Even though she was ninety-six-years-old, it seemed that she would live forever. She had slowed down a bit recently, but still always looked great and vibrant. Heck, she was just riding her beloved horse a couple of months ago!
Still, for some unknown-even-to-me reason, I had been more concerned for her than usual this week. But, because I’ve been watching the US Open tennis non-stop for almost two weeks, and was always behind, I’ve been shunning all news so as to not find out any results that I haven’t witnessed for myself. But something woke me at 5:30AM yesterday morning, on very little sleep, and I felt compelled to check the Daily Mail,(don’t judge,) to see if there was any news of the Queen feeling better. And there was the shocking news that her doctor had told her family to rush to her side.

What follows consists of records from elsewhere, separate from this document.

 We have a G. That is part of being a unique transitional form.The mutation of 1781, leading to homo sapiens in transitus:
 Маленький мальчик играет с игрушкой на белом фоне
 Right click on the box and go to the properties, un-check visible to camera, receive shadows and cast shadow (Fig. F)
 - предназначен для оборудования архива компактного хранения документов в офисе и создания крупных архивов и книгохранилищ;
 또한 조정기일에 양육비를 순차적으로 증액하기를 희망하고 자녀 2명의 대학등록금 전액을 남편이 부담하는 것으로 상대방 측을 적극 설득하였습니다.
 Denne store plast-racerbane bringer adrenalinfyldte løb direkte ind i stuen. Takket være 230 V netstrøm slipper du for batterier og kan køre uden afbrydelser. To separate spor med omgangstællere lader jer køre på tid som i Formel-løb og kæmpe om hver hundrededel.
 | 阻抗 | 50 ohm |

I couldn’t believe it; it just seemed that if she wasn’t feeling well, the Queen would either rally completely, as she always has, or hold on for at least a few more days. I had to get right out of bed and check on the news about her health every few minutes. And then I took off for my first event in a week and a half.
When I saw that Mr. X was calling me while I was out, my heart stopped—I knew right away that the Queen had died.

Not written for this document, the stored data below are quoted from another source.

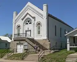 It is a one-story gable-front south-facing church built of red brick in 1878. Its exterior was stuccoed and painted white in 1919. A limestone staircase in front was added in the 1950s.[2]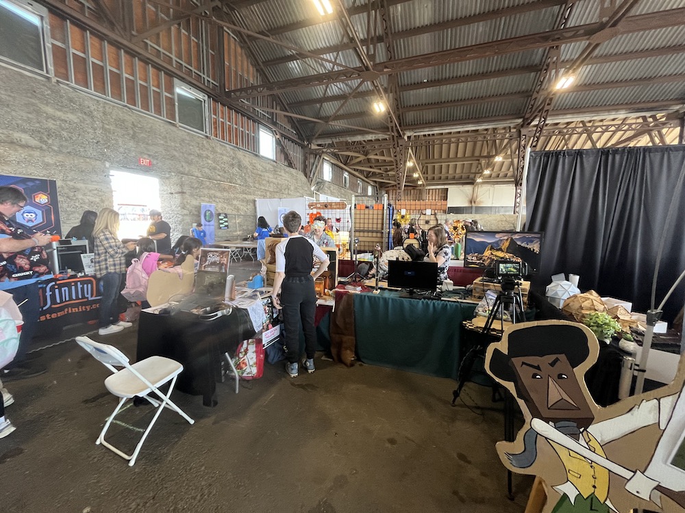 We got there around 9am with an hour to setup. Luckily, we don’t have anything too large. Unluckily, only 2 of our 5 person team knew the tech setup, and in a hurry to leave the day before our cords were less than organized. So, there was some holdback as we waited for instructions to get our monitors in place. But we had everything mostly set up by the gates opening at 10, and fully set up by the time people started wandering by our table 20 minutes later.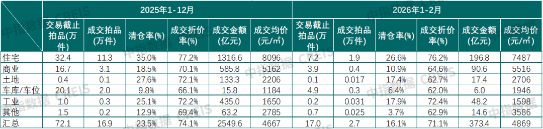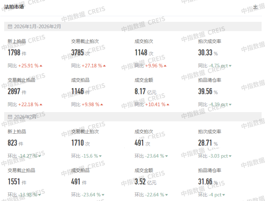 中指研究院发文称,中指法拍数据库监测,2026年1-2月,全国法拍市场各类法拍房源累计挂拍数量17万套,同比下降2.3%,房源累计拍次共21.1万次(同一标的物可能存在一拍、二拍等多次拍卖),最终成交拍品数量为2.7万套,同比下降4.7%,清仓率16.1%(成交拍品/交易截止拍品),总成交金额373.4亿元,同比下降16.5%。各类法拍房源成交均价4869元/㎡,同比下降8.1%,平均折价率为71.1%。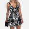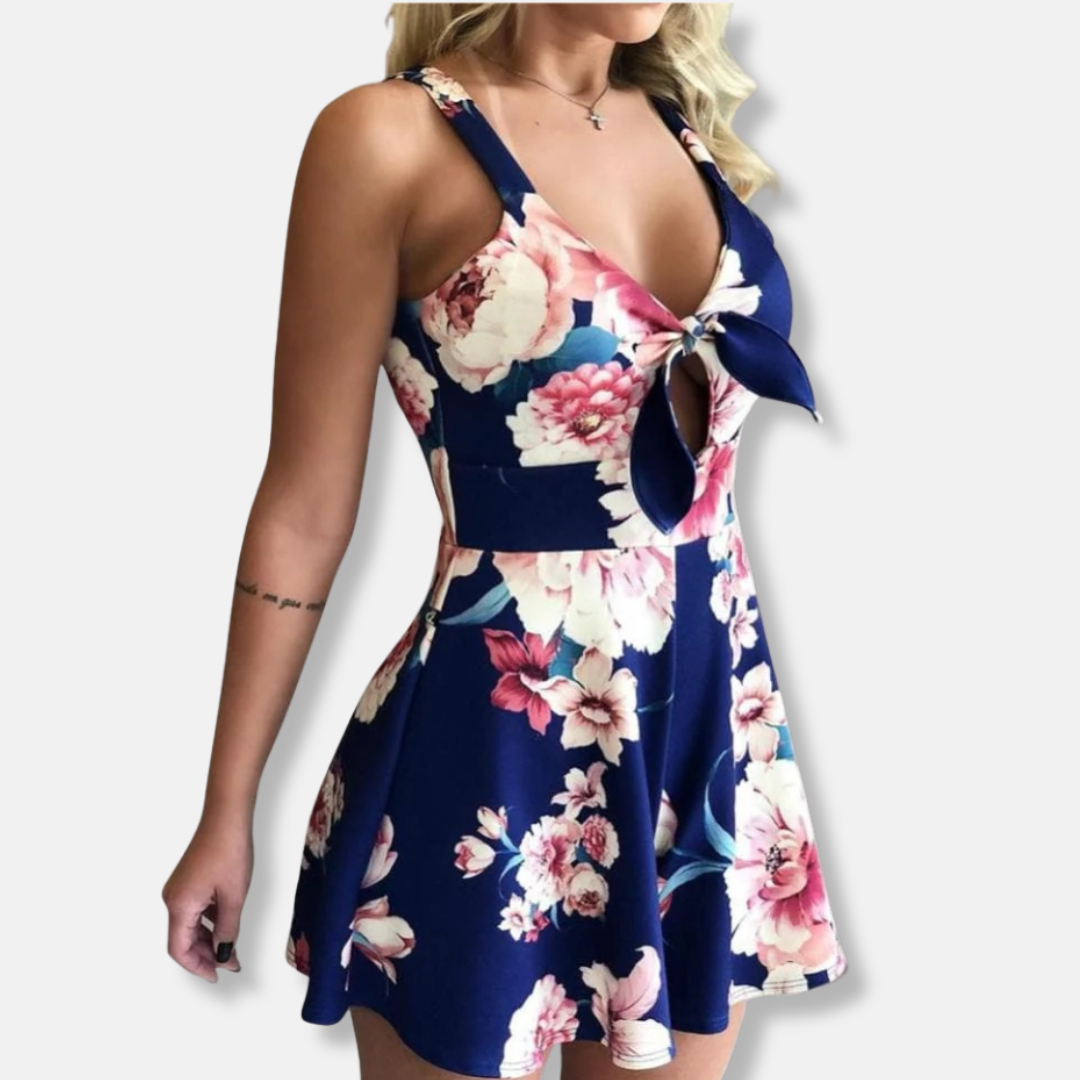Tento viskózový overal, ideální pro neformální příležitosti, má přiléhavý pas s rozšířenými kraťasy. Jeho střih bez rukávů je doplněn květinovým potiskem, výstřihem do V a detaily uzlů vpředu s výstřihem.
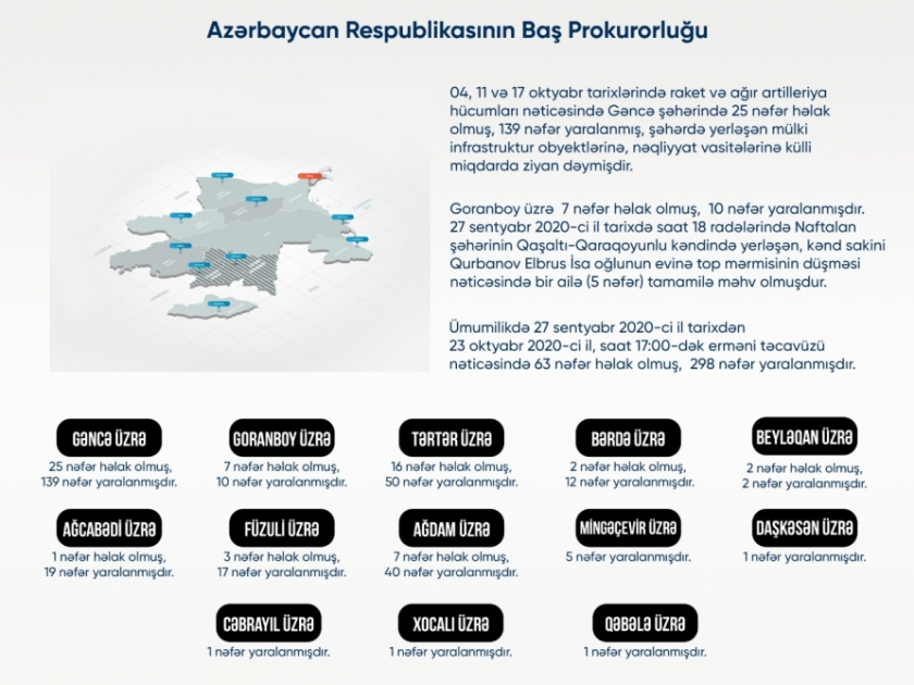 • Baş Prokurorluğun məlumatına görə, Ermənistan ordusunun yaşayış məntəqələrimizi ağır artilleriya qurğularından və raket sistemlərindən atəşə tutması nəticəsində sentyabrın 27-dən oktyabrın 23-ü saat 12:00-dək 63 mülki şəxs həlak olub, 298 nəfər xəsarət alıb, 2156 ev, 90 çoxmənzilli yaşayış binası və 398 mülki obyekt yararsız vəziyyətə düşüb.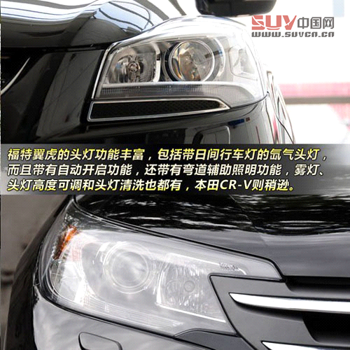 車頭方面,福特翼虎采用了雙層的進氣格柵造型,上層比較窄長,下層視覺上比較寬大,與兩側霧燈飾板形成大嘴的梯形造型,給整車增加了動感。頭燈的造型比較緊湊,但功能卻是非常強大,這一點容后再說。本田CR-V方面,進氣格柵與頭燈錯綜組合,顯得整體性非常強,而且也顯示出本田最自身制作工藝的自信,并且整體上,進氣格柵和頭燈營造出飛翼的造型,增強了車頭設計的靈動感。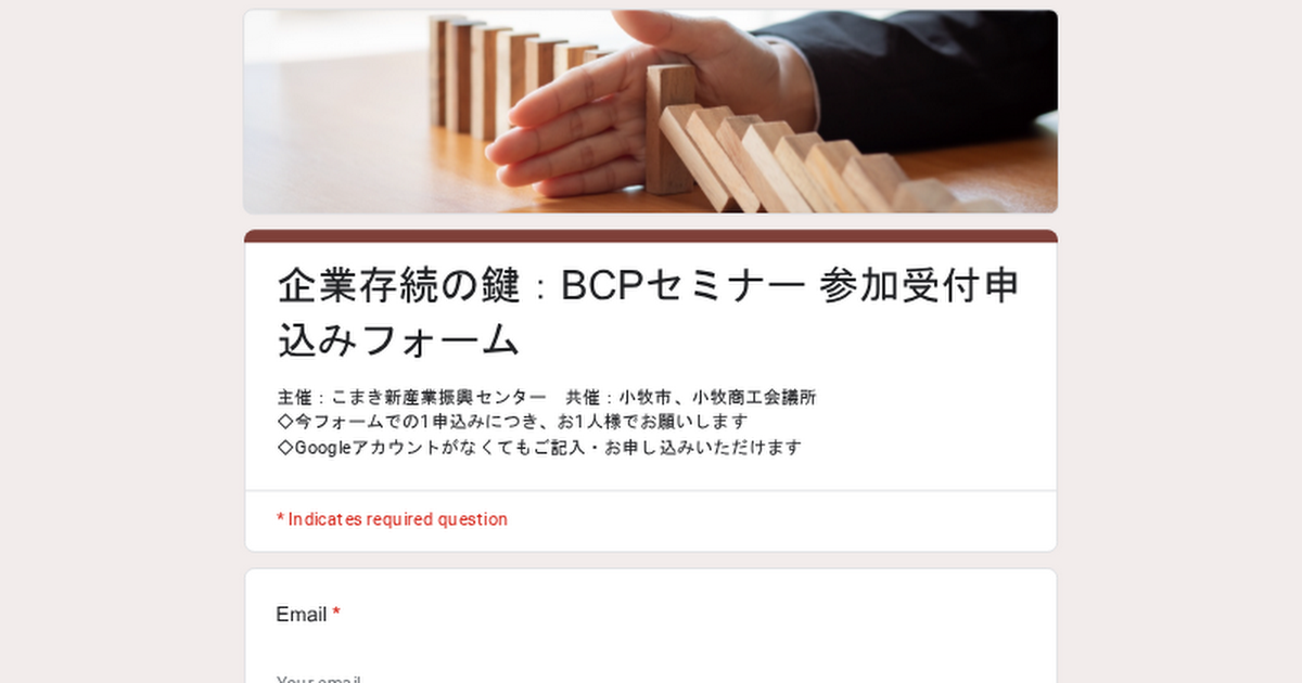 主催:こまき新産業振興センター 共催:小牧市、小牧商工会議所◇今フォームでの1申込みにつき、お1人様でお願いします◇Googleアカウントがなくてもご記入・お申し込みいただけます

I skipped dessert, (which you know means I was incredibly upset,) and came home to write this tiny tribute to her.
But my head is spinning. I can’t get it together to write anything very coherent right now. I just wanted to pay my public respects to her as soon as possible. And I felt it would be just way too inappropriate to post anything else in this spot today, especially the planned article about certain people not being “stars” on a shallow dance show.
I’ll try to write a more heartfelt tribute to her in a few weeks, when I’ve stopped crying and have begun to wrap my mind around the woman who has been my only Queen in my lifetime not being such anymore.
But for now, even though I think the world will have a hard time adjusting to the world without her, I’m happy for Queen Elizabeth to finally be at peace and with her beloved Philip once again.
Two last things that I want to note today:
First is that, as much as I hate that she’s gone, I’m grateful that she went peacefully, and incredibly quickly, with her beloved family by her side.
The other is that at least one news channel showed the famous clip of Elizabeth’s twenty-first birthday speech, which reminded us of just how much class this woman has always been, even as a young girl. In it, she said, “I declare before you all, that my whole life, whether it be long or short, shall be devoted to your service.” And that’s exactly what she did. Gratefully, her life was very long.
R.I.P., Queen Elizabeth.
This is so beautiful Karen. I’m sure the Queen herself would love the tribute.
I agree with the commenter above. It actually brought a tear to my eye. And I’m a guy!
I loved that woman, too. And I could not put my feelings better than YOU did, my dear.
Lovely tribute, Karen. I’m used to your humor ragging on everything in the world, which I love, but I love when you write serious pieces like this one. It shows us your humanity. Keep up the good work.